#### [AIM OF THE TASK]
Start at the line with "Обводим самоизчезающим маркером" in the records below, stop at the line with "Москва. 30 сентября.", and return every line in that span exactly, the two end lines included.

#### [RECORDS SHOWN]
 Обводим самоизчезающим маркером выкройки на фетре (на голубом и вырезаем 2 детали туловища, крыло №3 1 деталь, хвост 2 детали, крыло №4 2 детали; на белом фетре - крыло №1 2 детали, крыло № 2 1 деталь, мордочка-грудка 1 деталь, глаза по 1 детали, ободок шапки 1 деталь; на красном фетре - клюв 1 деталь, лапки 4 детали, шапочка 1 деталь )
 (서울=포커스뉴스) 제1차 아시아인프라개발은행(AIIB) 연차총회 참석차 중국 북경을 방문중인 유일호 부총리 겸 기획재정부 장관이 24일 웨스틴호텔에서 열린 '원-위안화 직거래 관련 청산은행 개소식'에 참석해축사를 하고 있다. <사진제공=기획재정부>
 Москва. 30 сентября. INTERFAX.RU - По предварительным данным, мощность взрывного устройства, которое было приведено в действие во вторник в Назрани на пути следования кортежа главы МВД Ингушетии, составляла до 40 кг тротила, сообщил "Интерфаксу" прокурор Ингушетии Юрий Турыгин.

* * *

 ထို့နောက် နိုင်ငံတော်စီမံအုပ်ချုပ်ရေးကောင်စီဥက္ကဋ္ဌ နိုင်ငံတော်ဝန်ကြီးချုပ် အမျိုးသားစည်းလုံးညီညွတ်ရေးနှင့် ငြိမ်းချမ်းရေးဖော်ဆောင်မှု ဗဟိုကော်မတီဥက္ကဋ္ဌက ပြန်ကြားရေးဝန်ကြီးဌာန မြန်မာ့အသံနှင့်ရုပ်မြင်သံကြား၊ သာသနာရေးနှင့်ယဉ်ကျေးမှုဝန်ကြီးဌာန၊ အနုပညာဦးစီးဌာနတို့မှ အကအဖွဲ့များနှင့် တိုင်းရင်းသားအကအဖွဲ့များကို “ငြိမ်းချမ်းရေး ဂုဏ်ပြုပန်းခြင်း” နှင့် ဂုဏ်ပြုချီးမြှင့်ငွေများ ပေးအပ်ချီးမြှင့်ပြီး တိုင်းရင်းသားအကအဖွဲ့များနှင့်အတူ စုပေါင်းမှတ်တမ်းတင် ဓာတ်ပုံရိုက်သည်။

#### [ANSWER TO THIS EXERCISE]
 Обводим самоизчезающим маркером выкройки на фетре (на голубом и вырезаем 2 детали туловища, крыло №3 1 деталь, хвост 2 детали, крыло №4 2 детали; на белом фетре - крыло №1 2 детали, крыло № 2 1 деталь, мордочка-грудка 1 деталь, глаза по 1 детали, ободок шапки 1 деталь; на красном фетре - клюв 1 деталь, лапки 4 детали, шапочка 1 деталь )
 (서울=포커스뉴스) 제1차 아시아인프라개발은행(AIIB) 연차총회 참석차 중국 북경을 방문중인 유일호 부총리 겸 기획재정부 장관이 24일 웨스틴호텔에서 열린 '원-위안화 직거래 관련 청산은행 개소식'에 참석해축사를 하고 있다. <사진제공=기획재정부>
 Москва. 30 сентября. INTERFAX.RU - По предварительным данным, мощность взрывного устройства, которое было приведено в действие во вторник в Назрани на пути следования кортежа главы МВД Ингушетии, составляла до 40 кг тротила, сообщил "Интерфаксу" прокурор Ингушетии Юрий Турыгин.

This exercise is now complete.